[Stored items from a collection]
###

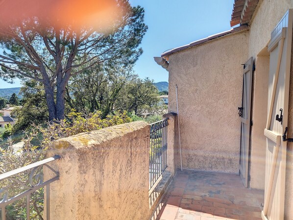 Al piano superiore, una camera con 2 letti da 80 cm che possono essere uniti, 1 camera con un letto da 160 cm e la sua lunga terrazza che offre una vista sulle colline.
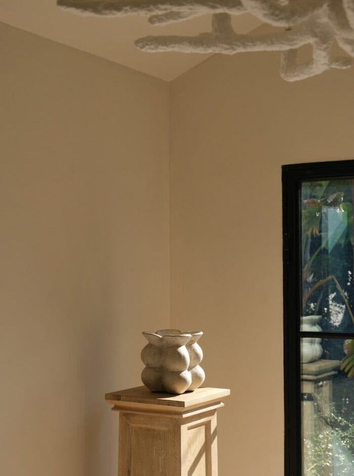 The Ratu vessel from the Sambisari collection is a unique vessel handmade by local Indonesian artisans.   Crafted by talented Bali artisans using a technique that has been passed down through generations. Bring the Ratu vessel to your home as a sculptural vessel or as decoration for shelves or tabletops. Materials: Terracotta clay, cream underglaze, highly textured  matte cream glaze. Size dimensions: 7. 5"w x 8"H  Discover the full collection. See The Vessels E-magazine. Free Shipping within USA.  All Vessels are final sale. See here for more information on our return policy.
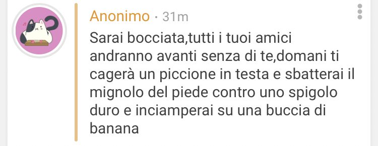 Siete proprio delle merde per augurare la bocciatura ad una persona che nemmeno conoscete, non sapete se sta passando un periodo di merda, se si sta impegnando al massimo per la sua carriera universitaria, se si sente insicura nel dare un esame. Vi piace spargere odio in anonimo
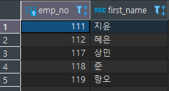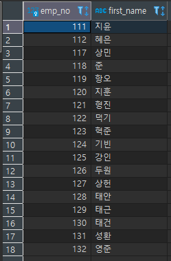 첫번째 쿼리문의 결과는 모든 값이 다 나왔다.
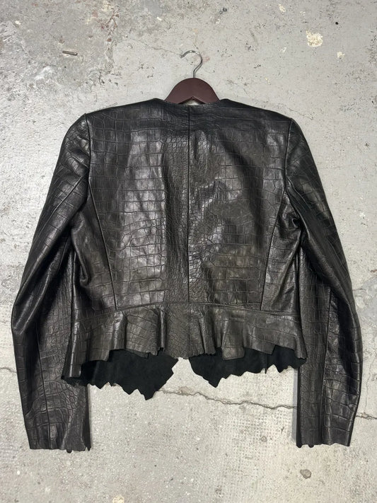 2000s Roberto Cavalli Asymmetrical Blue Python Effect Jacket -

###

- [Problem description]:
With the pictures left out, give again exactly the lines from the one with "Siete proprio delle" through the end of the data, both included.

- [Task result]:
 Siete proprio delle merde per augurare la bocciatura ad una persona che nemmeno conoscete, non sapete se sta passando un periodo di merda, se si sta impegnando al massimo per la sua carriera universitaria, se si sente insicura nel dare un esame. Vi piace spargere odio in anonimo
 첫번째 쿼리문의 결과는 모든 값이 다 나왔다.
 2000s Roberto Cavalli Asymmetrical Blue Python Effect Jacket -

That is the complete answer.